__Given material__:
________________________________________
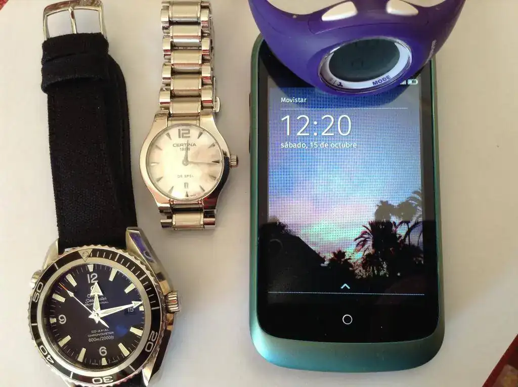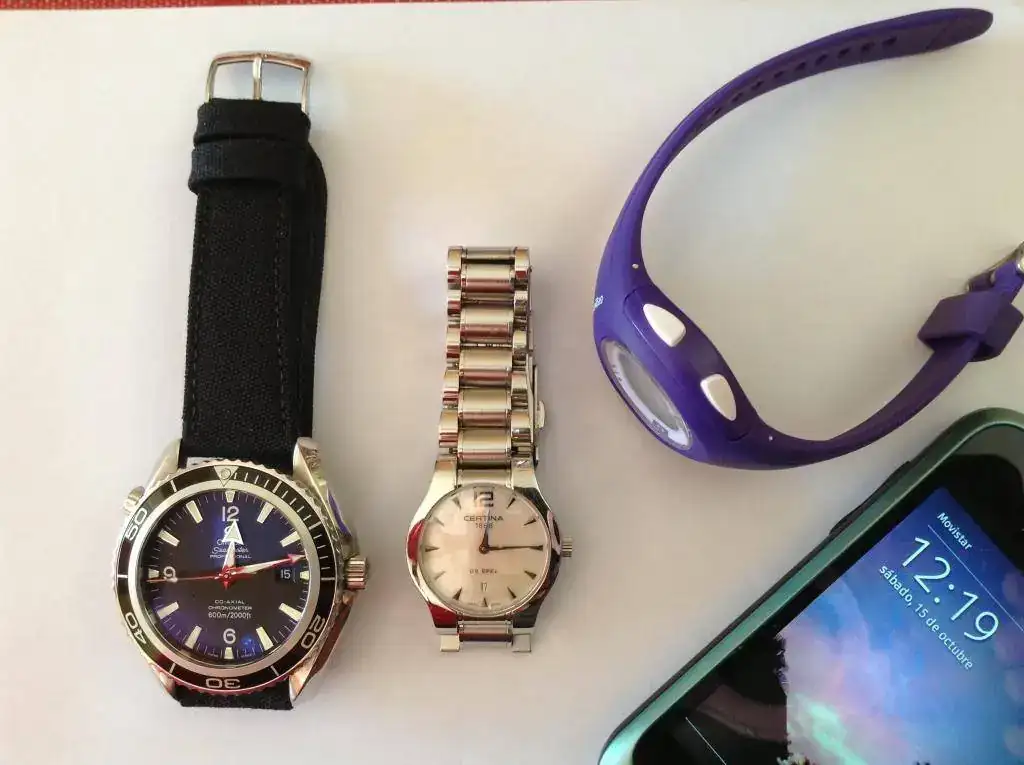Omega PO (papa), certina cuarzo (mama), cuarzo (mi hijita de 11 años), móvil (mi hija de 15).
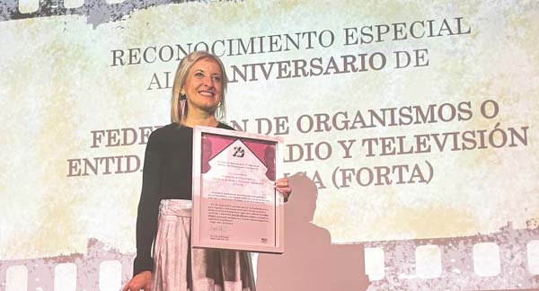 Fuertes, que ha aceptado el Distintivo Especial en nombre de las 12 cadenas que integran la FORTA, las productoras que trabajan con ellas y los espectadores, oyentes y usuarios de contenidos audiovisuales a través de Internet, ha defendido durante su discurso el papel de la Federación como “trampolín desde el que el talento local salta al mundo”.
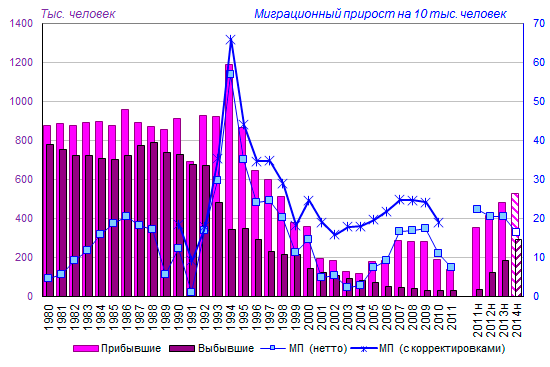 (Росстатом), миграционный прирост в январе-июне 2014 года полностью
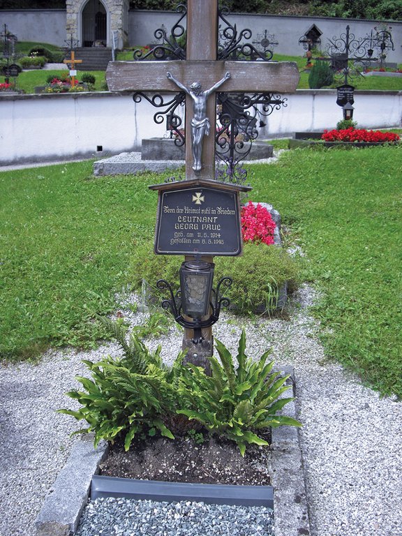 Die letzte Ruhestätte von Leutnant Georg Paul, gestorben am 5. Mai 1945, befindet sich am Ortsfriedhof …
________________________________________
__Description of the task__: Do not include the pictures. Quote only the lines from the line with "(Росстатом), миграционный прирост" through the end of the material, both ends included, exactly.

__Solution to the problem__:
 (Росстатом), миграционный прирост в январе-июне 2014 года полностью
 Die letzte Ruhestätte von Leutnant Georg Paul, gestorben am 5. Mai 1945, befindet sich am Ortsfriedhof …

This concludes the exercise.